12

I have 2 Kafka topics streaming the exact same content from different sources so I can have high availability in case one of the sources fails. I'm attempting to merge the 2 topics into 1 output topic using Kafka Streams 0.10.1.0 such that I don't miss any messages on failures and there are no duplicates when all sources are up.

When using the leftJoin method of KStream, one of the topics can go down with no problem (the secondary topic), but when the primary topic goes down, nothing is sent to the output topic. This seems to be because, according to the Kafka Streams developer guide,

KStream-KStream leftJoin is always driven by records arriving from the primary stream

so if there are no records coming from the primary stream, it will not use the records from the secondary stream even if they exist. Once the primary stream comes back online, output resumes normally.

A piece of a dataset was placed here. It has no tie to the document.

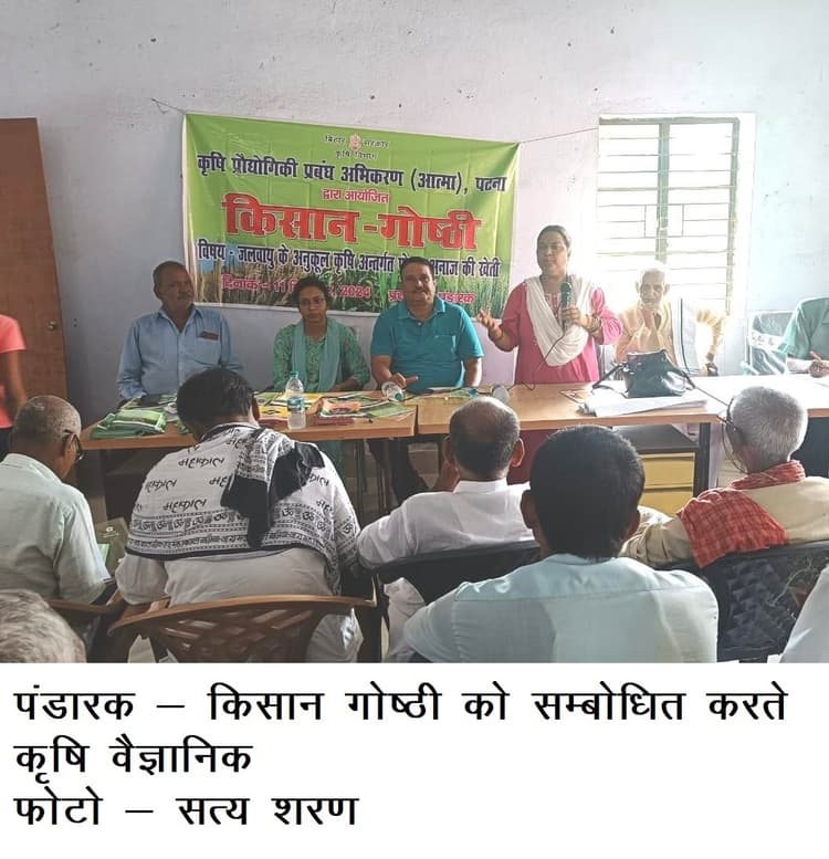 पंडारक. आत्मा के सौजन्य से बुधवार को प्रखंड मुख्यालय स्थित इ किसान भवन में एक दिवसीय किसान गोष्ठी का आयोजन किया गया. कृषि विज्ञान केन्द्र (अगवानपुर) बाढ़ के वरीय कृषि वैज्ञानिक डॉ रीता सिंह , समाज सेवी व कृषक चन्द्रशेखर सिंह, कृषि समन्वयक नीरज कुमार ने कार्यक्रम का उद्घाटन किया. गोष्ठी में जलवायु के अनुकूल पोषक अनाज की खेती विषय पर कृषि वैज्ञानिक डॉ रीता सिंह ने विस्तार से किसानों को जानकारी दी. उन्होंने कहा कि बदलते समय के साथ खेती में नयी तकनीक अपनाकर किसान अधिक उपज कर सकते हैं. उन्होंने कहा कि किसान मोटे अनाज रागी, मक्का, ज्वार, बाजरा, मडुआ की अधिक मात्र में खेती करें, क्योंकि इन फसलों की खेती में पानी का कम मात्रा में प्रयोग होता है. साथ ही उन्होंने किसानों को सलाह दी कि मिट्टी जांच कर ही रासायनिक खाद का प्रयोग करें. इसके बदले जैविक खाद, केंचुआ खाद सहित गोबर का अधिक प्रयोग खेतों में करें. इससे खेतों की उत्पादकता बनी रहेगी. उन्होंने महिलाओं को आर्थिक स्थिति सुधारने के मशरूम की खेती करने पर बल दिया. गोष्ठी के दौरान प्रखंड आत्मा अध्यक्ष नंद कुमार ठाकुर ने अतिथियों का स्वागत किया. इस अवसर पर प्रखंड तकनीकी प्रबंधक ओमप्रकाश तथा सहायक तकनीकी प्रबंधक सरोज अमृत प्रिया ने गोष्ठी को संबोधित किया.

I've also tried using outerJoin (which adds duplicate records) followed by a conversion to a KTable and groupByKey to get rid of duplicates,

KStream mergedStream = stream1.outerJoin(stream2, 
    (streamVal1, streamVal2) -> (streamVal1 == null) ? streamVal2 : streamVal1,
    JoinWindows.of(2000L))

mergedStream.groupByKey()
            .reduce((value1, value2) -> value1, TimeWindows.of(2000L), stateStore))
            .toStream((key,value) -> value)
            .to(outputStream)

but I still get duplicates once in a while. I'm also using commit.interval.ms=200 to get the KTable to send to the output stream often enough.

What would be the best way to approach this merge to get exactly-once output from multiple identical input topics?

Bogdan
  • 312
  • 7
  • 16
  • In general, I would recommend Processor API to solve the problem. You might also try switch to current `trunk` version (not sure is this is possible for you). Joins got reworked their, and this might solve your problem: https://cwiki.apache.org/confluence/display/KAFKA/Kafka+Streams+Join+Semantics The new join semantics will be included in Kafka `0.10.2` which has target release date Jan 2017 (https://cwiki.apache.org/confluence/display/KAFKA/Time+Based+Release+Plan). – Matthias J. Sax Nov 25 '16 at 07:13
  • @MatthiasJ.Sax I switched to the trunk and it seems like the `leftJoin` now behaves like an `outerJoin` for KStream-KStream joins, so I think I'll go back to the 10.1 semantics. What I'm attempting now is to create a fake stream that outputs nulls which I'll use as the primary in a leftJoin with what used to be the primary, and use that merge in a leftJoin with the secondary. I hope this will result in always having values in the primary stream, even when my primary is down (as i'll just get null from the first leftJoin). – Bogdan Nov 25 '16 at 16:42
  • The new `leftJoin` does trigger from both sides as old `outerJoin` did too (I guess that is what you mean by "seems like the leftJoin now behaves like an outerJoin"?) -- this is closer to SQL semantics than old `leftJoin` -- but `leftJoin` is still different to `outerJoin`: if right hand side triggers and does not find a join partner, it drops the record and no result is emitted. – Matthias J. Sax Nov 28 '16 at 05:37
  • I am also wondering how your keys are distributed and how frequent the same key is use with a single topic. Maybe you could just use a KTable to which consumes both topics at once help to depulicate... But as mentioned, I would highly recommend to use Processor API! – Matthias J. Sax Nov 28 '16 at 05:40
  • Ah, ok, I hadn't thought of that difference between the new `leftJoin` and `outerJoin`. I did end up using the processor API and your answer from another question (http://stackoverflow.com/a/40837977/6167108) and it works perfectly. You can add that as an answer here and I'll accept it. Thanks! – Bogdan Nov 28 '16 at 15:31

1 Answers1

8

Using any kind of join will not solve your problem, as you will always end up with either missing result (inner-join in case some streams stalls) or "duplicates" with null (left-join or outer-join in case both streams are online). See https://cwiki.apache.org/confluence/display/KAFKA/Kafka+Streams+Join+Semantics for details on join semantics in Kafka Streams.

Thus, I would recommend to use Processor API that you can mix-and-match with DSL using KStream process(), transform(), or transformValues(). See How to filter keys and value with a Processor using Kafka Stream DSL for more details.

You can also add a custom store to your processor (How to add a custom StateStore to the Kafka Streams DSL processor?) to make duplicate-filtering fault-tolerant.

Jacek Laskowski
  • 72,696
  • 27
  • 242
  • 420
Matthias J. Sax
  • 59,682
  • 7
  • 117
  • 137